As long as one of he parties involved knows it's being recorded, it's legal.

If neither party is aware then it isn't. As you're one of the parties involved, you can legally record it. But might be good to inform them afterwards that you've recorded it, in case he/she wants to add any threats into the conversation and you can get the police involved if you wish. They won't do anything but any damage that followed would have been pre-meditated.

I would be tempted to go straight to solicitor myself and keep it strictle business like. Removes opportunities for them to get personal. But it can take a long time and may cost some money unless you're covered by insurance.

Rob


----------



## MeanMom (Nov 21, 2011)

Only just spotted this for some reason Monica

What a lot of hastle! I'm really sorry you've had to deal with all this and hope it can still be sorted out without costing you more money and stress

Can't offer any practical advice I'm afraid - all our neighbours are council and we are not - so if there is any dispute we just pretty much have to do what the council says. We are a semi house but we also have a semi shed which has a leaky roof but (of course) it is our side so we must pay if we want council to fix it. We had to replace a fence panel made unstable by our ( other) neighbour removing their shed. And we were given 30 days (or something) to do it! 

Never ever buy an ex council semi if the other half still council. 

It's a shame you can't choose your neighbours - hope you get this sorted soon 

Xxx


----------



## Monica (Nov 22, 2011)

I've made another call to the house insurance legal help. 
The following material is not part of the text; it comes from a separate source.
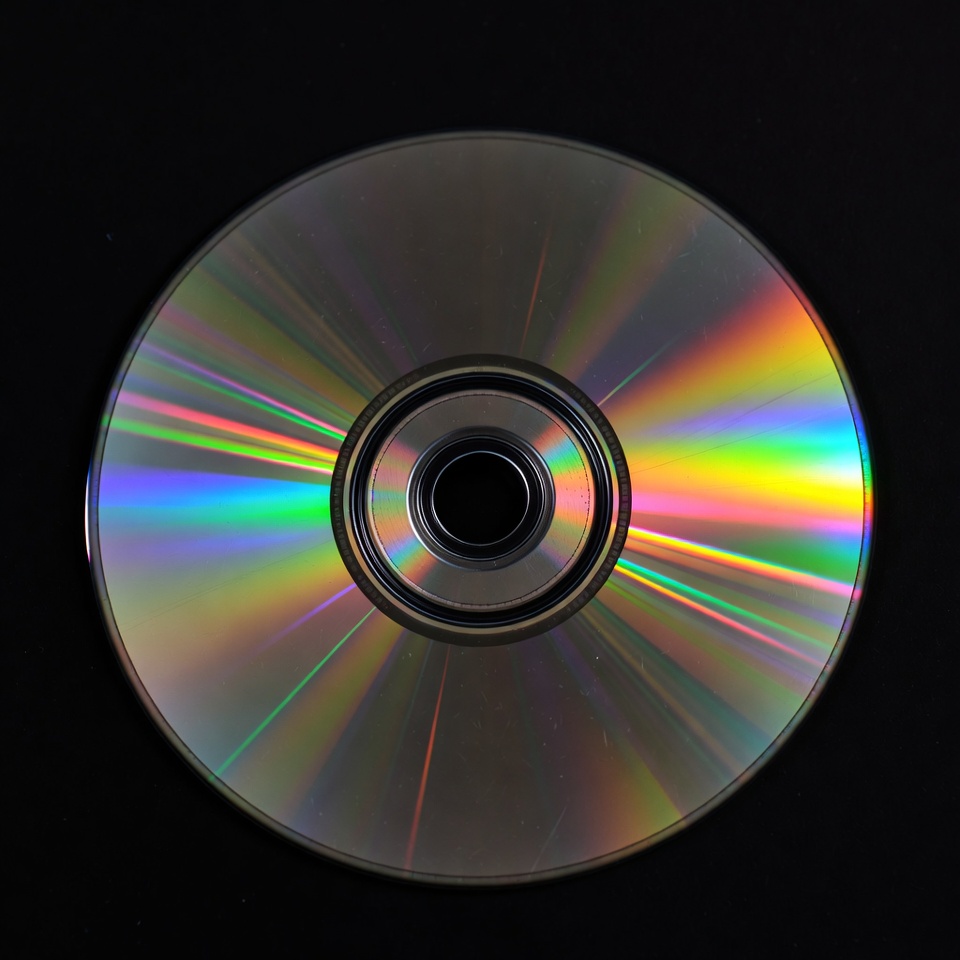 black background, closeup, compact disc, data disc, disc, holographic effect, iridescent, isolated, music CD, optical disc, rainbow colors, reflective CD, round disc, shiny disc, CD

The old fence has been there for more than 10 years, that makes it the border. We have 6 years to make a complaint.

I have to post my letter, make sure I have proof of posting. I have to give them an ultimatum. He said 28 days. Unfortunately this will take it to Christmas, so I thought I'd give them till end of Jan 2012. And I added that if not done we'll contact solicitor for further action and the same goes for front fence.

Now the fence is up, I can see why they thought it was right for them to move the posts. They made sure that the fence panels are on the border, which is where the old fence panels were. The difference is that the old panels were between the posts. The new ones are attached to the posts on one side.


----------



## novorapidboi26 (Nov 22, 2011)

So the posts are still on your side..................
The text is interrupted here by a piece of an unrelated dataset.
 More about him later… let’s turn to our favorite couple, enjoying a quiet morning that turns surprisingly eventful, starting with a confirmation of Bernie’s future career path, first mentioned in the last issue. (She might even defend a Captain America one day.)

Remembering that the side of the posts is irrelevant, its simply a case of borders...............


----------



## Monica (Nov 22, 2011)

thanks for that picture.
It's not quite like that. remember it's a party boundary, which means the posts go ON the boundary.

The old fence had the posts ON the boundary, but the panels were inbetween the fence posts.

The new fence is exactly as you show it on the right.


----------



## Monica (Nov 22, 2011)

http://s1115.photobucket.com/albums/k546/MonicaWright68/

have a look at the old fence, I haven't taken any of the new one

I just had another look, I think the post by the shed is just about touching the patio, not sure. That's the only one almost in the right place. But the others are definitely wrong. And now we have 2 inches of screw sticking out of the posts too. Am going to take some photos now.


----------



## novorapidboi26 (Nov 22, 2011)

Fence/wall construction comes in many forms...............

What is the relevance of the party boundary...............?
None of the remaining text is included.